Migraine Symptom: Neck Pain (poll results)
There is an increasing awareness that neck pain is a major symptom of migraine. In fact, neck pain seems to be more common in migraine than nausea.
Our recent poll affirms this once again. You were asked, Do you feel that neck pain is a symptom of your migraine attacks?
85% said yes, with only 11% saying no.
This fits well with a study on neck pain and migraine that we talked about last year – 69% of those with episodic migraine had some disability from neck pain, and 92% of those with chronic migraine had some disability from neck pain.
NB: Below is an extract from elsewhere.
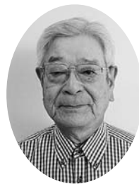
令和4年度より、守口市老人クラブ連合会副会長兼三郷ブ

Neck pain is more than just a pain in the neck – it’s actually disabling, on top of the disabling pain of migraine, and other common symptoms such as visual disturbances and nausea.
Although it was once believed that “tension headaches” (tension-type headaches) were caused by muscle tension, we now know that the causes are much more complex. However, there is a much rarer type of headache called a cervicogenic headache, which actually does come from pain in the neck or else a disorder in the neck, spine, and surrounding tissue. To give a diagnosis of cervicogenic headache, your doctor must find evidence of a disorder or lesion within the cervical spine or soft tissues of the neck, and this must directly cause your headache.
But for most of us, neck pain is another part of the migraine puzzle, a disabling piece that should not be ignored by patient or doctor.